I have an observational data set which contain weather information. Each column contain specific field in which date and time are in two separate column. The time column contain hourly time like 0000, 0600 .. up to 2300. What I am trying to do is to filter the data set based on certain time frame, for example between 0000 UTC to 0600 UTC. When I try to read the data file in pandas data frame, by default the time column is read in float. When I try to convert it in to datatime object, it produces a format which I am unable to convert.

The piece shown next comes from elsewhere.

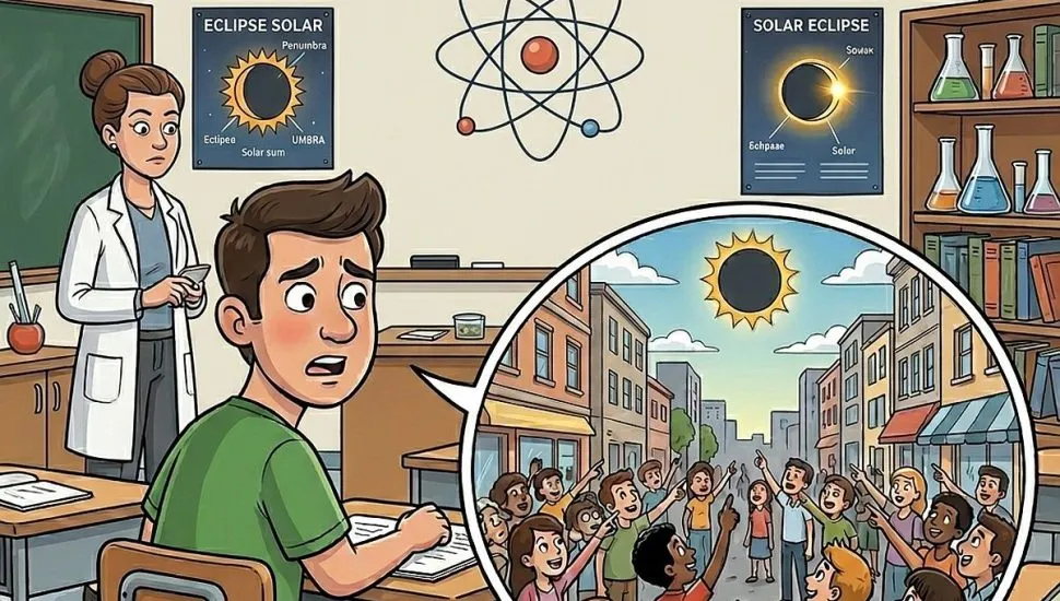 – Luizinho, o que acontece quando há um eclipse solar?

Code example is given below:
import pandas as pd
import datetime as dt
df = pd.read_excel("test.xlsx")
df.head()
which produces the following result:
tdate itime moonph speed ... qnh windir maxtemp mintemp
0 01-Jan-17 1000.0 NM7 5 ... $1,011.60 60.0 $32.60 $22.80
1 01-Jan-17 1000.0 NM7 2 ... $1,015.40 999.0 $32.60 $22.80
2 01-Jan-17 1030.0 NM7 4 ... $1,015.10 60.0 $32.60 $22.80
3 01-Jan-17 1100.0 NM7 3 ... $1,014.80 999.0 $32.60 $22.80
4 01-Jan-17 1130.0 NM7 5 ... $1,014.60 270.0 $32.60 $22.80
Then I extracted the time column with following line:
df["time"] = df.itime
df["time"]
0 1000.0
1 1000.0
2 1030.0
3 1100.0
4 1130.0
5 1200.0
6 1230.0
7 1300.0
8 1330.0
.
.
3261 2130.0
3262 2130.0
3263 600.0
3264 630.0
3265 730.0
3266 800.0
3267 830.0
3268 1900.0
3269 1930.0
3270 2000.0
Name: time, Length: 3279, dtype: float64
Then I tried to convert the time column to datetime object:
df["time"] = pd.to_datetime(df.itime)
which produced the following result:
df["time"]
0 1970-01-01 00:00:00.000001000
1 1970-01-01 00:00:00.000001000
2 1970-01-01 00:00:00.000001030
3 1970-01-01 00:00:00.000001100
It appears that it has successfully converted the data to datetime object. However, it added the hour time to ms which is difficult for me to do filtering.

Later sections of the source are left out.